Hard-rocking funk from an all-Black group out of Philly that sounded like early Funkadelic meets Joe Cocker. It was a direction that PIR ultimately shelved for its more lush soulful sound, but it’s an interesting concept nonetheless, and it gets here by virtue of being included in the Billboard critics list (at No. 43).
The former wife of PIR’s Kenneth Gamble initially found fame in the 1960s with big hits like “Mashed Potato Time.” But it was her work with hubby Kenny where she released the soulful passion found in songs like “Real Hard Day,” a song lamenting a rough day of taking care of the house and the kids. Clearly a throwback theme whose lyrics might be misplaced in today’s world.
MFSB had a summer theme going in 1976 with the album ‘Summertime.’ It contained songs like “Sunnin’ and Funnin’,” “Hot Summer Nights,” the title track, and this disco number that peaked at No. 65 on Billboard’s nascent disco chart in 1976…during the summer, of course.

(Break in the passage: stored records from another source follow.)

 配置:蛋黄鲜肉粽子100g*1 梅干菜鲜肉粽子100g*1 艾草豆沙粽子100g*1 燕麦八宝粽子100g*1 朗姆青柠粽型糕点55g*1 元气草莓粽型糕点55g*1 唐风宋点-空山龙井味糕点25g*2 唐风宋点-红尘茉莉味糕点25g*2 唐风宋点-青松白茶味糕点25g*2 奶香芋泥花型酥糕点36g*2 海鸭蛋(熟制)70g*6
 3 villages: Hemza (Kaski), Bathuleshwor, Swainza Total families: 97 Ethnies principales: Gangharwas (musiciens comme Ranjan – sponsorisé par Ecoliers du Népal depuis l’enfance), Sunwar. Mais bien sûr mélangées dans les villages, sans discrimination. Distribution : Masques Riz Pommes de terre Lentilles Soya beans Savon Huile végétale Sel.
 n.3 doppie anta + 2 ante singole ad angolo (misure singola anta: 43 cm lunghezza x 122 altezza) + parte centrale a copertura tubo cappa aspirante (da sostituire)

I guess you could call theirs a “summertime” concept album.
Harold Melvin & the Blue Notes’ lead singer Teddy Pendergrass explores his boastful side in this mojo-driven uptempo track. As Teddy says, you don’t have to believe him when he tells you his love is so good, but by the end of the song you likely will.

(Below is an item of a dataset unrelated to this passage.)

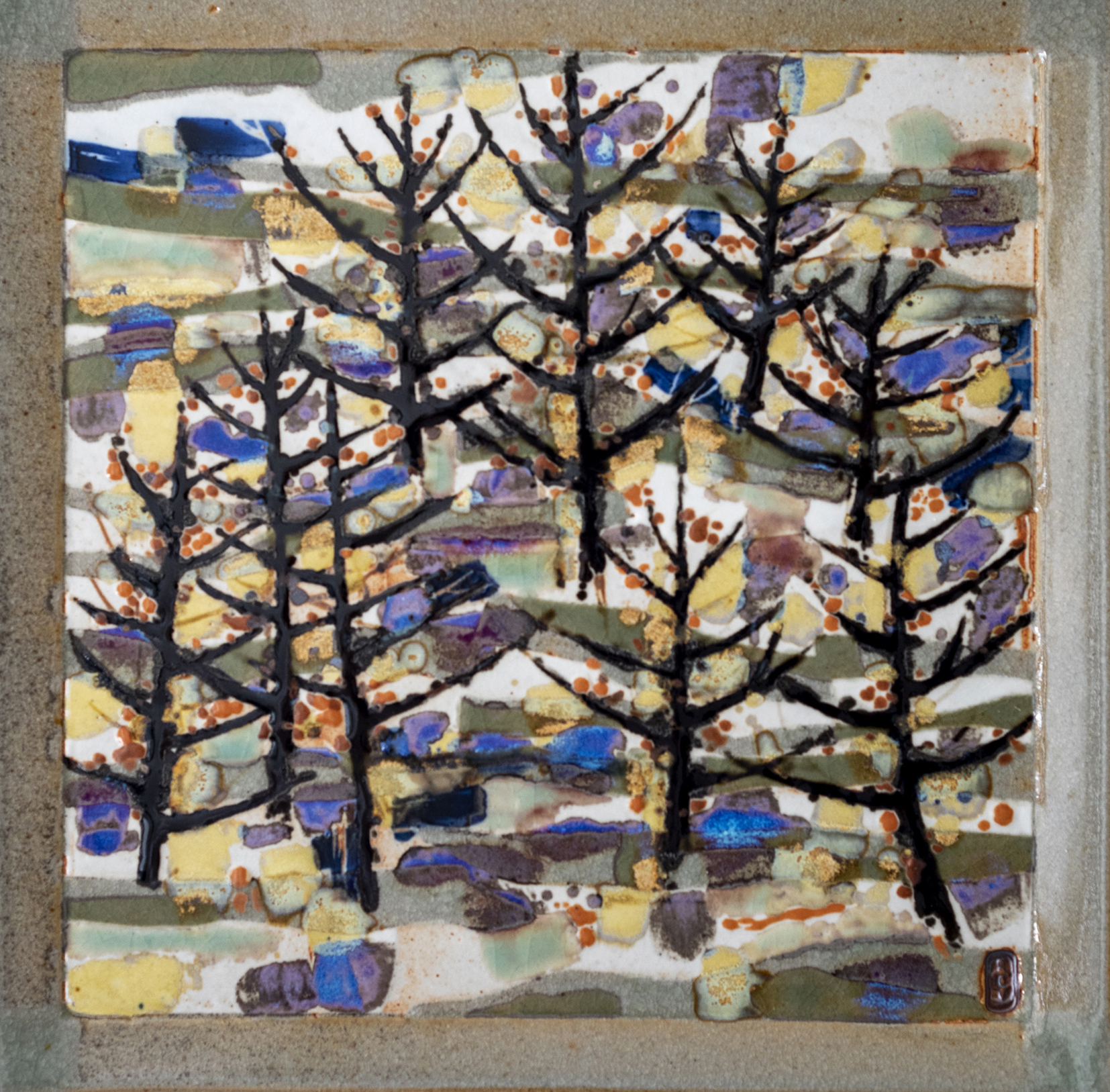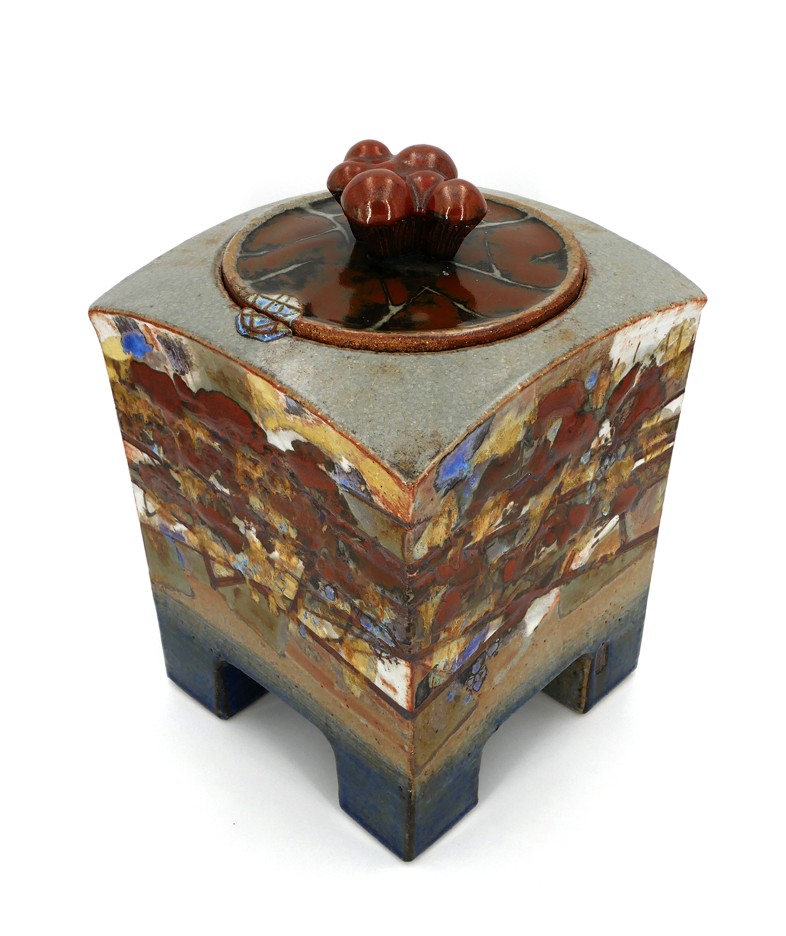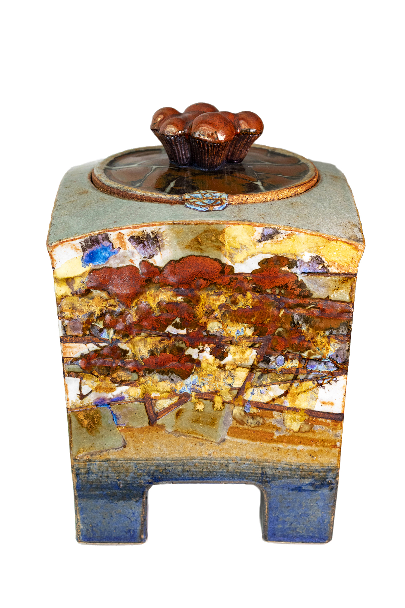 Coffre « Sidérites » - Jean-Claude Canonne – 2005 - Boîte parallélépipédique en grès émaillé, aux faces évoquant des paysages sidériques (minerais de fer) arbres aux camaïeux orangés, atmosphères aux phosphores de fer. « Boîte à usages pour y confier secrets et objets précieux, carnets de poésie et de voyages. Construit dans l’idée d’un abri intime ».
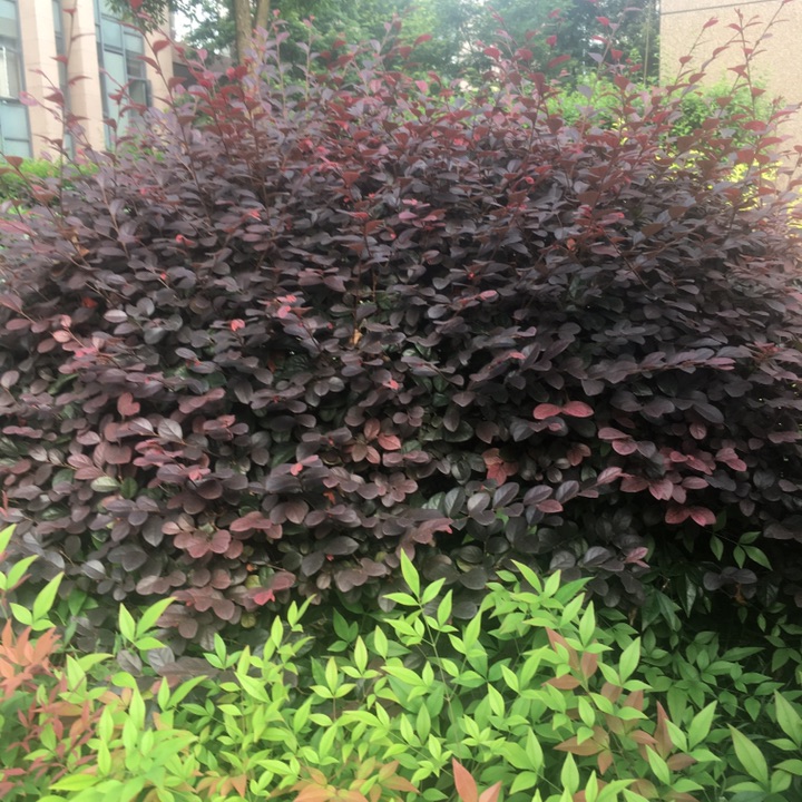 红花檵木(拉丁学名:Loropetalum chinense var.rubrum),又名:红继木、红梽木、红桎木、红檵花、红梽花、红桎花、红花继木,为金缕梅科、檵木属檵木的变种,常绿灌木或小乔木。树皮暗灰或浅灰褐色,多分枝。嫩枝红褐色,密被星状毛。叶革质互生,卵圆形或椭圆形,长2~5cm,先端短尖,基部圆而偏斜,不对称,两面均有星状毛,全缘,暗红色。花瓣4枚,紫红色线形长1~2cm,花3~8朵簇生于小枝端。蒴果褐色,近卵形。花期4~5月,花期长,约30~40天,国庆节能再次开花。花3~8朵簇生在总梗上呈顶生头状花序,紫红色。果期8月。主要分布于长江中下游及以南地区、印度北部。花、根、叶可药用。

The Ebonys were a soul group out of rough-and-tumble Camden, NJ - just across the Delaware River from Philly. This was their first single and one of the first out of the PIR legendary stable of hits. It reached No. 10 on the soul chart in the summer of 1971, and No. 51 pop.

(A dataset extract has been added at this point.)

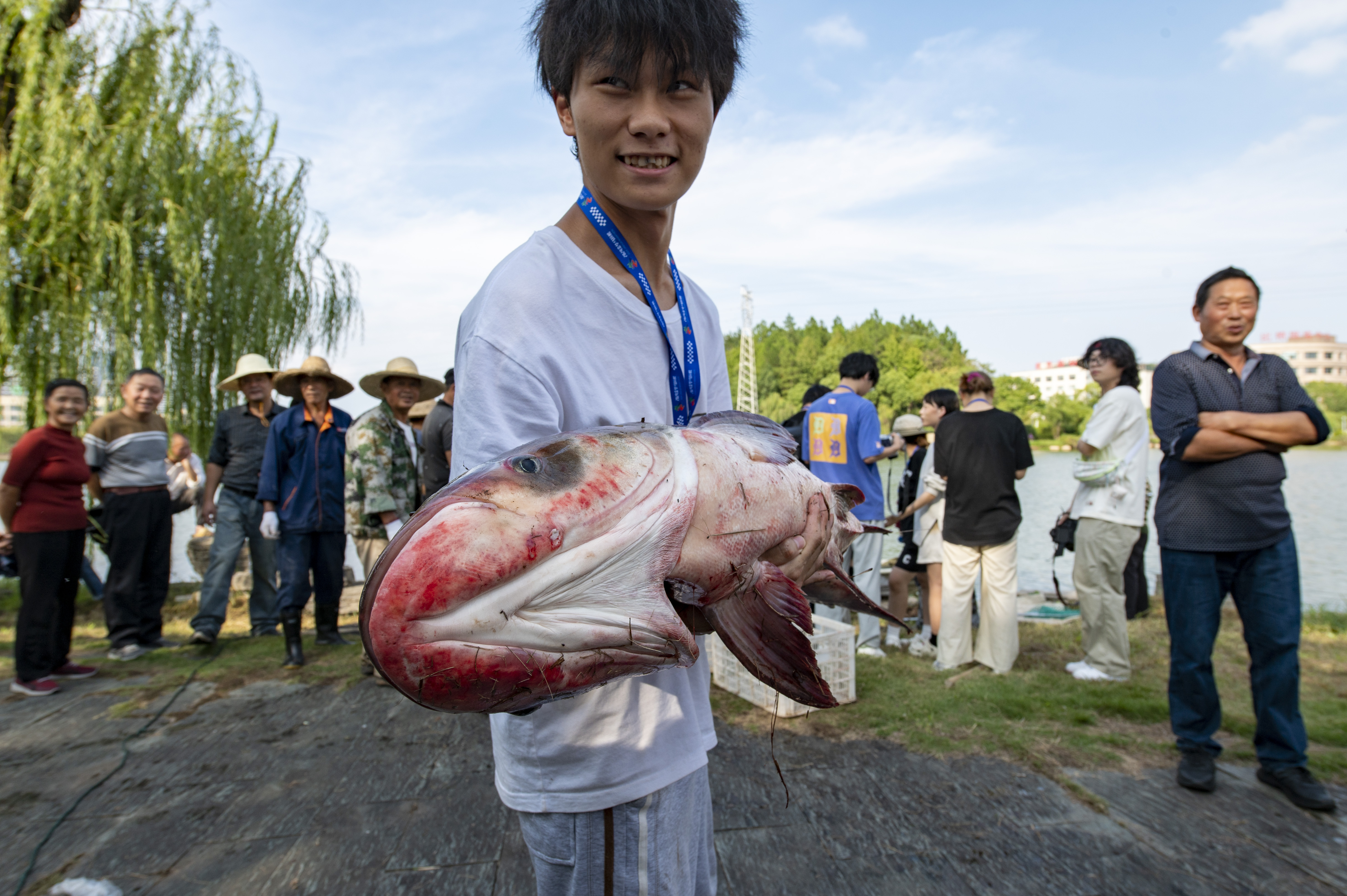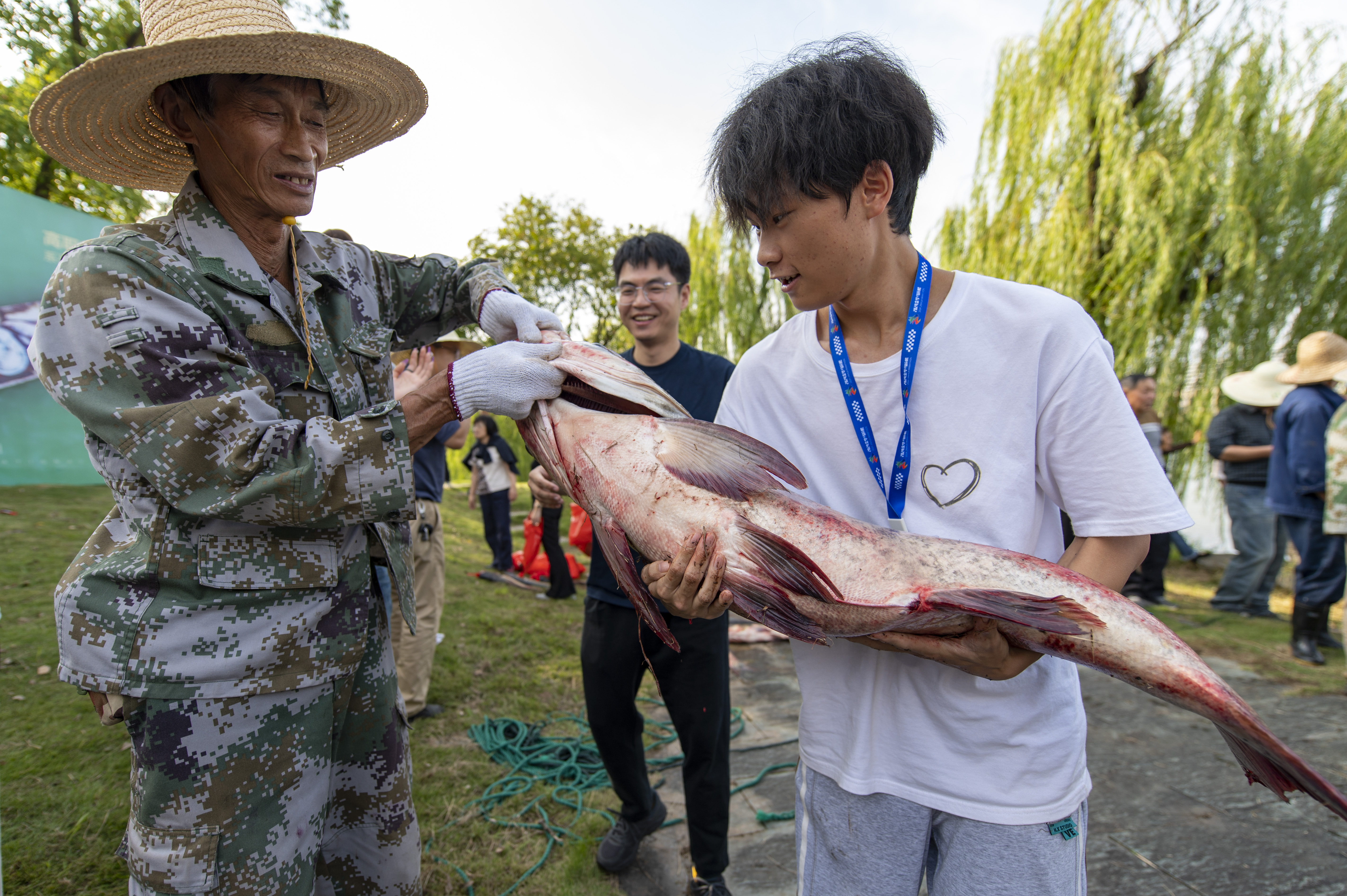 大學(xué)生抱著剛剛捕獲的大魚,體驗捕魚節(jié)的喜悅。通訊員 胡肖飛 攝

Edwin Birdsong was a west coast singer/songwriter/keyboardist who found a musical home on the east coast - first in Philly with Philadelphia International and then in NYC on the Salsoul label. This clangy disco number was his ode to a female with shapely features reminiscent of a cola bottle’s. It failed to chart anywhere in America, but Billboard ironically gave it a top-20 rank in its critics’ choice list - mainly due to its use as a sample for Daft Punk’s iconic “Harder, Better, Faster, Stronger” - which is how it gets here at No. 92.
Including its subtitle, this early ‘80s ballad may have the longest title of any song in the PIR catalogue, with fourteen words and 51 letters all of which had to fit on a 7” single’s record label. The song was co-written by the late Bunny Sigler and his brother James and reached No. 13 soul in 1982.
The O’Jays followed up the million-selling “Use Ta Be My Girl” with this ballad about…a lost dog. Yes, “Brandy” had lyrics with enough ambiguity that it could’ve been about a long-lost flame but, alas, it was instead about man’s best friend. With odd references to wearing “dungarees” and drinking “cherry soda pop” added in, this bummer of a tune was doomed to finish no higher than No. 21 soul, No. 79 pop.
The O’Jays concluded their hit-making run on PIR with this 1987 top-5 soul hit and title track to their last album with the label. They would leave PIR for EMI Records the following year and get their last of ten No. 1 soul songs overall with “Have You Had Your Love Today” in 1989. Remember that one?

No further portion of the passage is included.